Friedman adds: “The time is now, and the UK can't just sit on the sidelines while policies are being developed.”
Many UK leaders have been advocating the establishment of a crypto framework for the UK, with
Minister Andrew Griffiths recently stating during a Treasury Committee hearing, that “given the events in FTX and others that we saw in 2022, part of creating that future is to get the right
regulation—not to have no regulation or to bake it in fully, as if this is already an established market and a fact, but to get that balance right.”
Examination of the UK’s Financial Services and Markets Bill (FSMB) by Members of the House of Lords begins on the 25th of January, 2023. The FSMB seeks to make sweeping changes to regulation of financial services in the country, including the establishment
of a regime to regulate stablecoins.
Despite these comments, Griffiths also stated that it “would be folly to say that all would be done” by the end of 2023.

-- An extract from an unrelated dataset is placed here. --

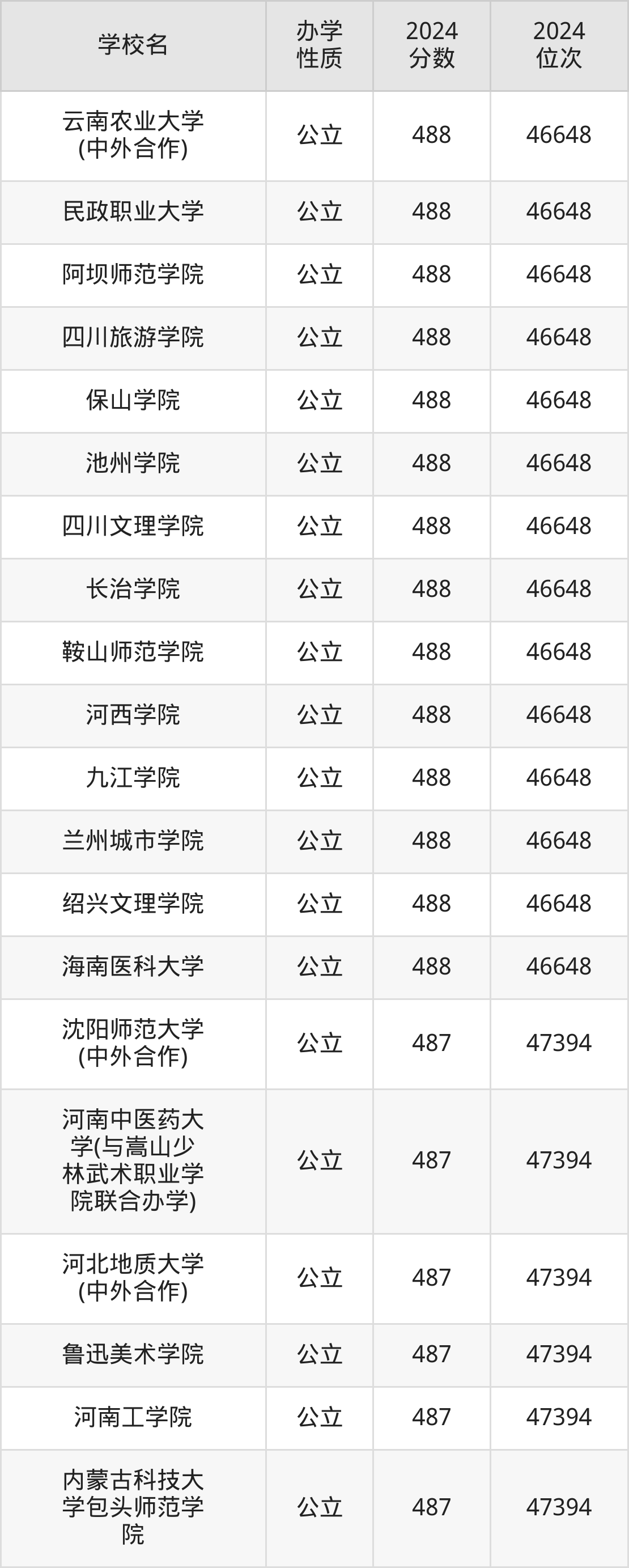 | 云南农业大学 (中外合作) | 488 | 46648 |

During the same Treasury Committee meeting, Griffiths added that the European Union’s MiCA regulation “is a good attempt” that “covers some but not all of the areas we [UK] would aspire to cover.”
The Markets in Crypto Assets regulation sets out the EU’s plans to align crypto rules across the region, giving in-scope firms around 18 months to implement the rules. Members of European Parliament were scheduled to vote on the regulation in February of
this year, however, following translation delays and questions around the strength of the rules post-FTX, the vote has been pushed back to April.
Whitworth remains hopeful about progress as “when it comes to actual regulatory framework and policy framework discussions, we're moving into the more technical, concrete, end-state of the policy process.”
Speaking to the US perspective, while Friedman is hopeful that 2023 will deliver progress around crypto regulation, she expects less dramatic developments across the pond. “Notwithstanding our push and legislators’ discussions about the need for rapid action,
legislative processes in these countries is what it is, and it may just take a little bit more time to get to a concrete result.”
Central bank digital currencies: Are they as promising as ever?
Ripple, which now offers a platform solution for CBDC management, is predictably upbeat on the subject.
Griffiths also mentioned progress on the CBDC front during the Treasury Committee meeting earlier this month, stating: “I want to see us establish a regime—and this is within the FSM Bill—for the wholesale use for payment purposes of stablecoins. The Government
will be coming forward with a consultation document about the regulation of the crypto-asset sector in general, but also, in conjunction with the Bank of England, about what we should do about a sovereign digital currency.”
This comment aligns with Whitworth’s stance that in the same way that crypto regulation has progressed from a potential policy discussion into questions of technical challenges around implementation, to seeing governments pulling apart the finer details
of technological requirements, shows progress. “While we don’t know what the final product will look like in the future, the fact that it's moving out of central banks into the public or the political domain, shows at least that there's a desire to make this
happen. Who knows what will come out of this political process, but progress is quite a big step for these jurisdictions.”
Friedman adds that while CBDC is likely to look very different in some non-G20 countries compared to places like the UK or EU, she says that all indications suggest that we’re going to see continued discussions on the policy front if not actual pilots.
Friedman concludes: “I think the UK Government in particular has been very strong on public-private engagement and we look forward to continuing to engage with them on these issues and participate in those conversations.”